THE RENTS FROM natural gas--usually found when oil is nearby, were treated even more cavalierly. Although it did not always follow the Middle Eastern habit of burning gas in the open air above the well, Canada did treat it most strangely. The Canadian government proclaimed natural gas to be far less polluting than oil (let alone coal), but instead of charging the oil and coal companies a tax to compensate for their pollution, it sold natural gas far below the energy equivalent price of oil. For instance, the price of natural gas in Alberta was 42.5 percent and 55.5 percent of the energy equivalent price of oil in 1992 and 1993 respectively. In a three year period (1972-75), BC, which was by no means the largest Canadian producer of natural gas, lost over $1 billion by selling natural gas below its energy equivalent oil price. This scheme from a socialist government that prided itself on collecting large natural gas rents by forcing the gas transmission companies to sell the gas as it came out of the pipeline to a government owned company, the BC Gas Corporation, then a moment later, sell it at an enhanced price to the consumer, was dubbed "sixty second socialism." The government did collect rent, but not nearly the amount lost by not selling it at the energy equivalent price. [24] The successor, non-socialist government abolished this new company, thereby transferring the rents to the gas producers and consumers.

IV

Forests

RENT OF FOREST lands was brought into Canadian focus when US competition asked for trade sanctions on lumber from Canada.

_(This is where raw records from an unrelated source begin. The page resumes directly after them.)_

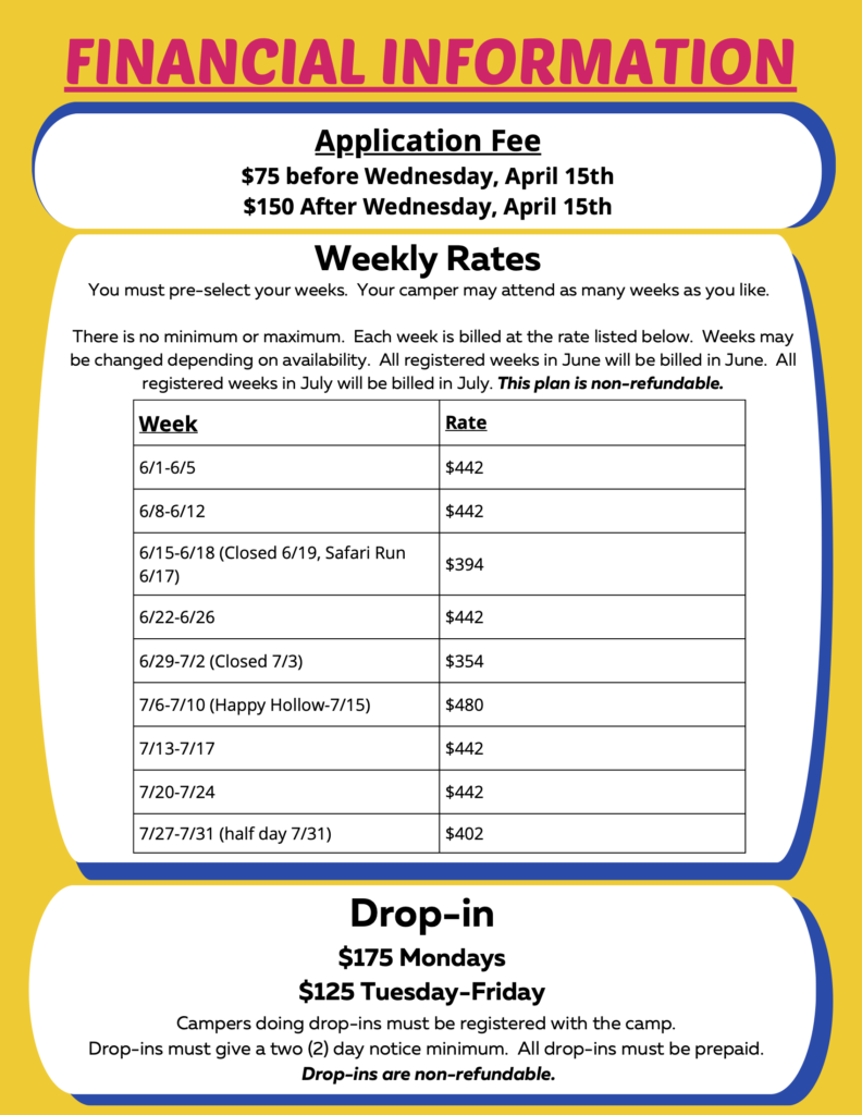 Note: You must pre-select your weeks. Your camper may attend as many weeks as you like! This plan is non-refundable
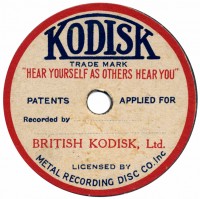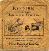 In these pages, we have several times described the search for an unbreakable record as the ignis fatuus of the record industry from earliest times. But a close contender would be the production of a simple and cheap means by which the public could make their own sound recordings. Cylinder phonographs that had a feed-screw (most of the half-decent ones had them) had always allowed their owners the facility to do so. You only needed to change the reproducer for a recording version, slip a blank soft wax cylinder onto the mandrel, and off you went! With discs it was considerably more difficult to contrive a home recording device. But in the U.S.A. in 1921, the inventive mind of Victor Emerson – already a veteran of the record industry – thought of, and patented, a pre-grooved metal disc. This would guide the sound-box of your gramophone across the disc, while at the same time, you spoke or sang into the horn of the gramophone. With any luck, the gramophone would act in reverse, and emboss your vocal efforts on the hitherto smooth walls of the groove. It may have worked quite well at the time. But alas, it would seem that in the intervening 90 years, those transient modulations have disappeared, as it were, resorbed into the groove. Adding together all the known instances of present-day owners of Kodisks, I can state categorically that of over thirty known examples, not a single one is claimed to replay anything comprehensible. Quite apart from this, the ire of the Kodak film & camera company was kindled, not only by the name Kodisk, but also by the phrase ‘Snapshots of your voice’. Kodak cameras took the ‘snapshots’, OK? The slogan had to be changed to the rather biblical ‘Hear yourself as others hear you’, and stickers placed on packets (and indeed some discs) declaring that Kodisk was nothing to do with Kodak. A dedicated ‘megaphone’ was available as an accessory; there was also a sound-box, at least in the U.S.A. |
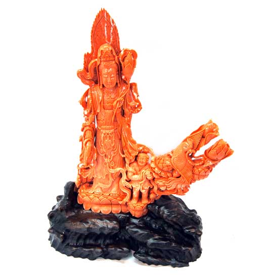 Finely crafted from quality momo coral, this carving vividly features the design of Guanyin Buddha standing on the lotus blossom. Guanyin is often regarded as the goddess of mercy in the East Asia Buddhism. This exquisite coral carving makes a great decoration in Buddhists’ home.
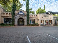 In the heart of downtown Sedona, Arizona, a bustling shopping area awaits. Historic architecture and urban design blend seamlessly, creating a vibrant atmosphere. The courtyard boasts a parking garage and shop fronts on the other side of the walkway.
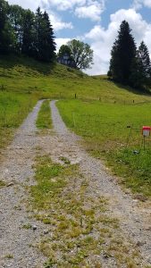 Turning right, at the signpost, we follow the track through the middle of the farm buildings and then, as it becomes gravel, around and steeply up to the building of Wirtschaft Rütegg.
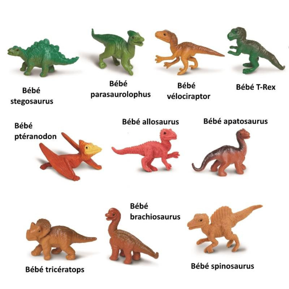 Le stégausorus, le parasaurolophus, le vélociraptor, le T-rex, le ptéranodon, l'allosaurus, l'apatausorus, le tricératops, le brachiosaurus et le spinausorus.
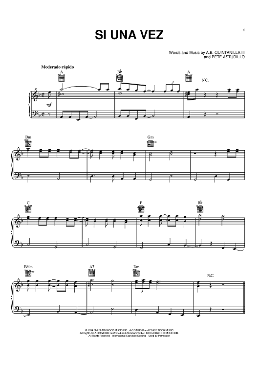 "Si Una Vez" Sheet Music by A.B. Quintanilla III
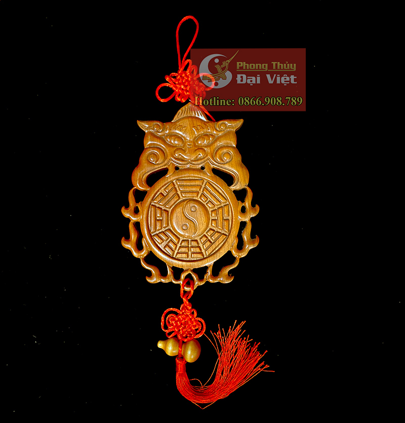 Gương Bát Quái Hổ Phù Gỗ Đào Hoá Sát
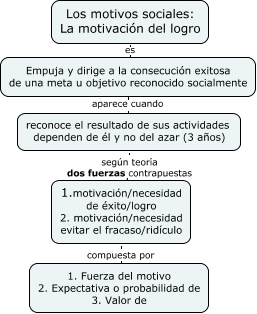 Este Cmap, tiene información relacionada con: Psicología. Motivación. Motivos sociales motivación del logro, Los motivos sociales: La motivación del logro es Empuja y dirige a la consecución exitosa de una meta u objetivo reconocido socialmente, Empuja y dirige a la consecución exitosa de una meta u objetivo reconocido socialmente aparece cuando reconoce el resultado de sus actividades dependen de él y no del azar (3 años), 1.motivación/necesidad de éxito/logro 2. motivación/necesidad evitar el fracaso/ridículo compuesta por 1. Fuerza del motivo 2. Expectativa o probabilidad de 3. Valor de, reconoce el resultado de sus actividades dependen de él y no del azar (3 años) según teoría dos fuerzas contrapuestas 1.motivación/necesidad de éxito/logro 2. motivación/necesidad evitar el fracaso/ridículo
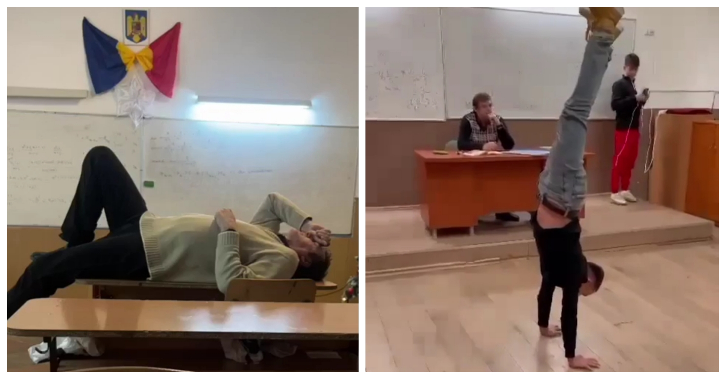 Profesorul de fizică de la Colegiul Național „Mircea cel Bătrân” din Râmnicu Vâlcea s-a întins pe catedră, în timp ce o elevă îl întreabă dacă n-ar vrea un masaj pe spate. De asemenea, tot în timpul orei de fizică, elevii fac tumbe în fața catedrei unde se afla profesorul Doru Gherzan.
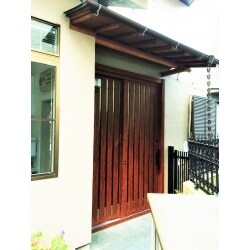 【施工後】新しい玄関には、LIXILの引き戸を使用。大型レバーハンドルを付け、開閉ラクラク。 防犯性に優れているので安心です。 デザインも縦通しの木目調で和風の戸建てに合っています。
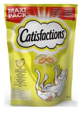 CATISFACTIONS FORMAGGIO 180 G Lo snack per gatti e gattini Catisfactions nel formato Maxi Pack è un prelibato spuntino con una consistenza unica. Un alimento complementare gustosissimo con un ripieno racchiuso in un croccante confetto. Una ricompensa perfetta o uno spuntino ideale da consumare fuori dai pasti. Il tuo gatto non potrà più fare a meno di Catisfactions al Formaggio. Formato da 180 grammi. Cereali, Carni e derivati, Oli e grassi, Latte e derivati del latte (di cui 4% formaggio) Sostanze minerali, Sottoprodotti di origine vegetale. Integrazioni per kg: Additivi: - Vitamina A: 5241 U - Vitamina B1: 14.5 mg - Vitamina B2: 7.3 mg - Vitamina B3: 5.8 mg - Vitamina D3: 578 U.I. - Vitamina E: 87 mg - Solfato di rame pentaidrato: 20.5 mg - Solfato di manganese monoidrato: 43.3 mg - Ioduro di potassio: 1.7 mg - Solfato di zinco monoidrato: 193 mg Proteine grezze 20% Grassi greggi 23% Ceneri gregge 11% Fibra grezza 0,3% Valore energetico 417 kcal per 100g
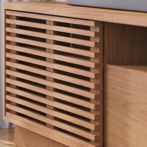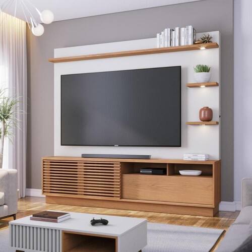 Uma ótima opção para clientes que buscam por um móvel espaçoso e cheio de personalidade, o Home Theater Campeche possui um design clean e moderno. Com um painel para TVs de até 70, possui prateleiras superiores iluminadas por spots de LED, que trazem a sensação de tranquilidade e aconchego ao ambiente. Além disso, possui nichos internos e uma gaveta com corrediças telescópicas que são ideais para organização de aparelhos eletrônicos e demais objetos decorativos. Seu destaque fica por conta de sua porta deslizante ripada com brises que dão um toque especial do estilo contemporâneo ao móvel.

The US producers claimed they had to bid for lumber-cutting rights in the US but that producers in Canada did not. Instead, in Canada where the government owns over ninety percent of the forest land, the US saw Canada give logging rights mainly to a few large corporations and then collect royalties in the form of stumpage fees. [25] These stumpage fees were considerably lower than the bidding amounts paid by the American counterparts, and US producers had little problem convincing their government of their case. Canadian provinces promised to raise their stumpage rates, and in the largest lumber producing province (BC) they did, capturing, according to an ex-BC resource minister, [26] up to 25 percent of the rent [27] but set it aside for a special fund for forest renewal. Recently however, the BC government, having made a wildly optimistic pre-election over-estimate of resources, was forc ed to raid its special forest renewal fund for $500 million. It stated that this might become an annual event, leading to speculation that collecting resource revenue might be one solution to the government's debit crisis. When the stumpage increase still did not bring the Canadians closer to the US bidding fee the Americans paid, the US government acted. In the mid 1990s, it gave the Canadians a choice of increasing their stumpage fees or facing a quota. Strangely enough, all governments (except Quebec) chose the quota structure, foregoing the increased rental revenue, and passed on the benefits to the exporting quota holders.